A minha pomba
dezembro 27, 2010
O ritual é simples. Eu chego por volta das nove e antes de tirar a mochila eu arregaço as janelas. A casa começa a fazer parte do ciclo do vento, do circuito dos ares. Um banho, um escovar os dentes, um vestir o short, e depois paro, sentado no chão, encostado na cama.
Hoje, por outro lado, terei um azar. Um revés por permitir que o ap se integre com o mundo através da janela. Hoje vai entrar pela janela uma pomba. Eu não vou saber o que fazer e vou tentar colocar ela pra fora de algum jeito.
Estaremos os dois ali, morrendo de medo um do outro, só porque ela não me entende e eu não posso entendê-la. Nós queremos a mesma coisa.
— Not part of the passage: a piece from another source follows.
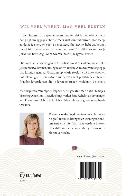Jij leeft intens. In de spaarzame momenten dat je met je benen omhoog ligt, vraag je je af hoe je meer rust kunt inbouwen. Hoe leef je zo dat je je energiek voelt en niet steeds het gevoel hebt dat het net teveel is. Hoe ga je van streven naar leven? In dit boek ontdek je jouw haalbare weg. Want wie veel werkt, mag veel rusten. Wanneer je de reis naar je hart maakt en kiest voor gezonde gewoontevorming rondom rust, schieten werkplezier en kwaliteit omhoog. Werkenden van wereldformaat gingen je daar al in voor en geven praktische handvatten voor iedereen die druk ervaart in zijn bestaan.

Ela quer ir, eu quero deixá-la ir.
Mas ela não vai conseguir achar o caminho, não conseguirá sequer perceber que o trajeto que a trouxe para dentro é o mesmo que vai libertá-la. Eu, se tentar ajudar, não saberei ter delicadeza e acabarei fazendo com que a coitada se desespere num bater de asas descontrolado.
A coisa caminha mal, é perceptível que a cada tentativa nós nos afastamos mais um do outro.
“Pomba,
que faz parte do mundo
parte do mundo que eu quis deixar entrar
que o acaso disfarçado de vento
achou que seria belo o nosso encontro
mas nós na inocência
recalcados com surpresas
de sensibilidade prejudicada
deixamos o pior acontecer.”
O que vai acontecer no fim da história vai ser terrível. Eu vou ter uma ideia péssima, mas com a melhor das intenções, como toda ideia péssima costuma ser. Eu vou até a cozinha e aí vou pegar a vassoura para ver se assim consigo empurrá-la.
Na primeira tentativa ela escorrega. Na segunda escorrego eu. Na terceira, com os braços já cansados, eu perco o controle da vassoura e a esmago. Ela ainda vai respirar e tentar se mover por alguns minutos. Mas já estará feito.
Hoje eu não vou conseguir dormir e farei um pequeno artesanato com as penas dela.